■ What you will do ■
All of the listing should be output exactly, apart from the pictures.
Top of Available data
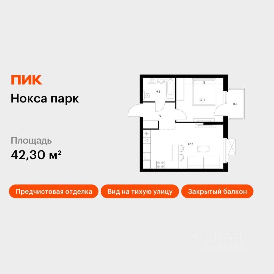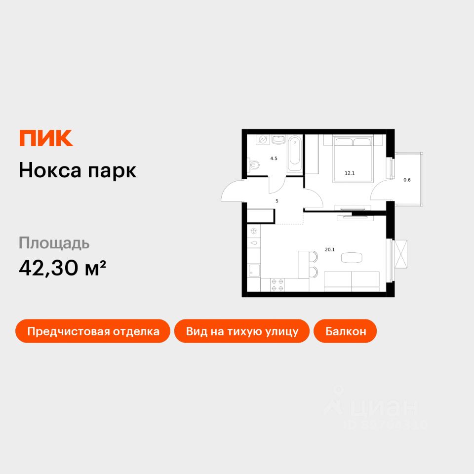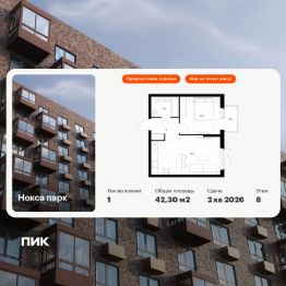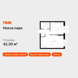 Продаётся 1-комн. квартира площадью 42,3 кв.м на 8 этаже 17 этажного дома (Корпус 9, Секция 1) проекта ПИК Нокса парк. Светлый просторный подъезд на уровне земли, функциональная планировка, большие окна, предчистовая отделка.
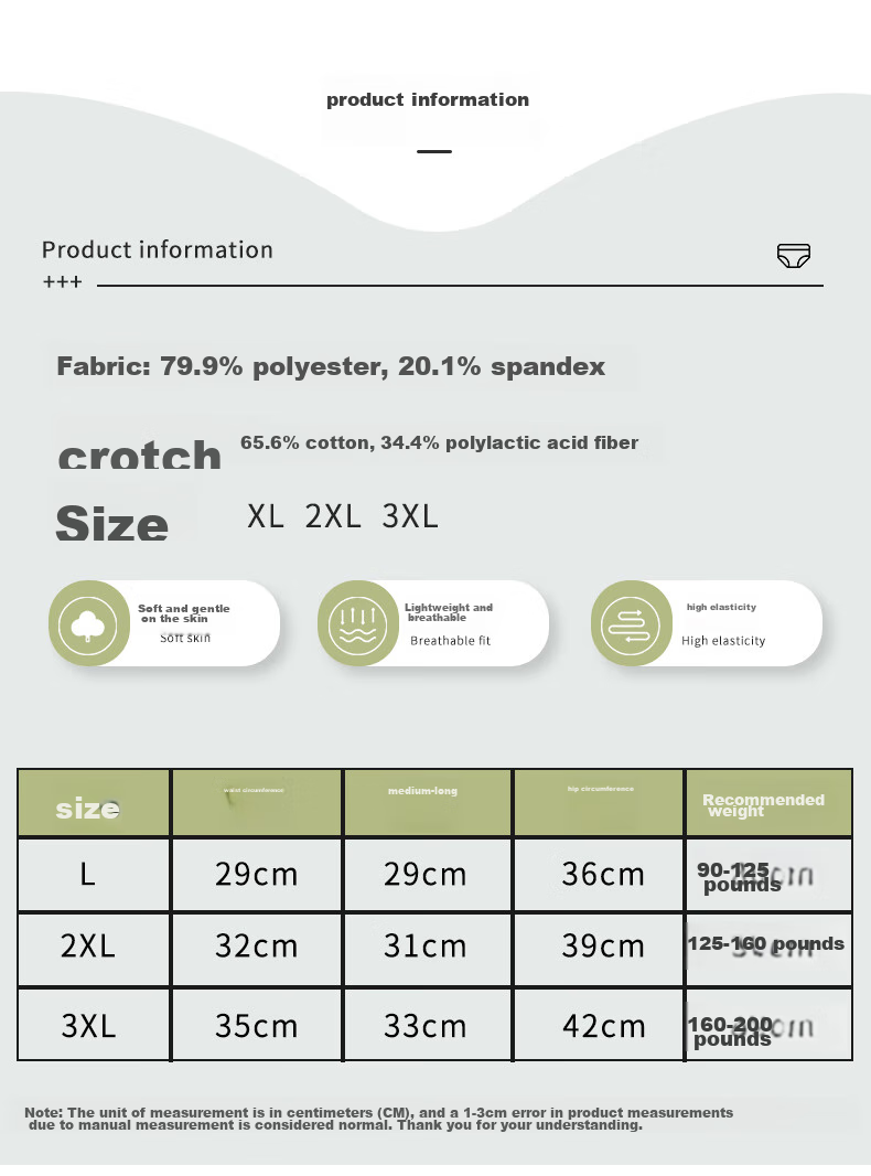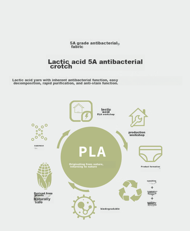 **Additional Features:** Lactic acid 5A antibacterial crotch, lactic acid yarn with inherent antibacterial properties, easy to decompose and purify, made in a PLA workshop with natural sources, biodegradable
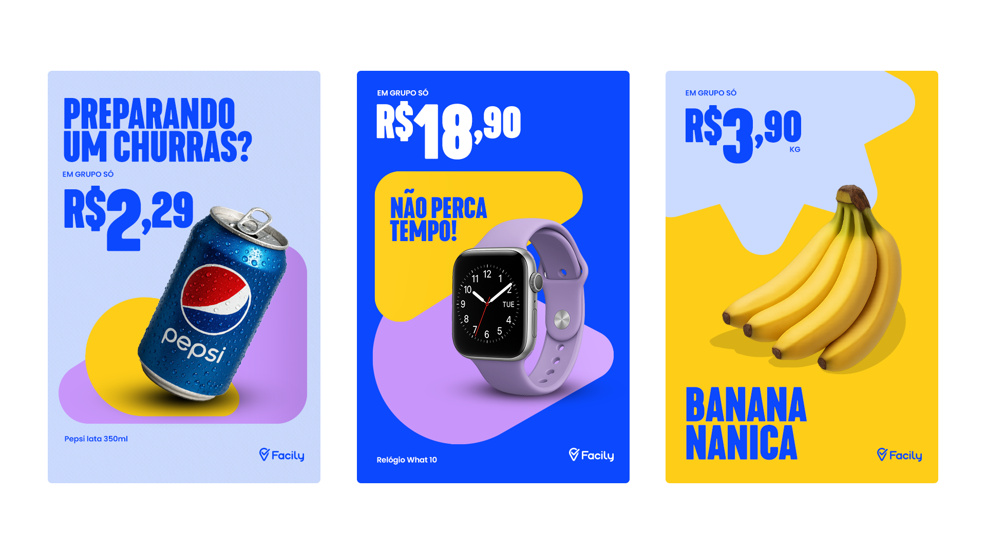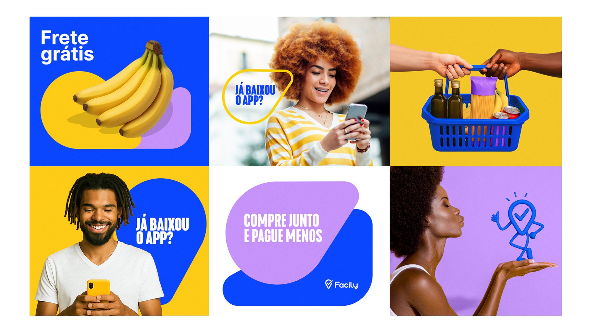 A Facily revoluciona o social commerce, tornando compras coletivas mais acessíveis para milhões de pessoas. Para traduzir essa missão em identidade visual, desenvolvi toda a parte criativa da marca, conectando propósito e design. Cada detalhe – do logo às cores, passando pela linguagem visual – reflete inovação, colaboração e acessibilidade, pilares que fazem da Facily uma experiência única no varejo digital.
Bottom of Available data
■ Exercise response ■
 Продаётся 1-комн. квартира площадью 42,3 кв.м на 8 этаже 17 этажного дома (Корпус 9, Секция 1) проекта ПИК Нокса парк. Светлый просторный подъезд на уровне земли, функциональная планировка, большие окна, предчистовая отделка.
 **Additional Features:** Lactic acid 5A antibacterial crotch, lactic acid yarn with inherent antibacterial properties, easy to decompose and purify, made in a PLA workshop with natural sources, biodegradable
 A Facily revoluciona o social commerce, tornando compras coletivas mais acessíveis para milhões de pessoas. Para traduzir essa missão em identidade visual, desenvolvi toda a parte criativa da marca, conectando propósito e design. Cada detalhe – do logo às cores, passando pela linguagem visual – reflete inovação, colaboração e acessibilidade, pilares que fazem da Facily uma experiência única no varejo digital.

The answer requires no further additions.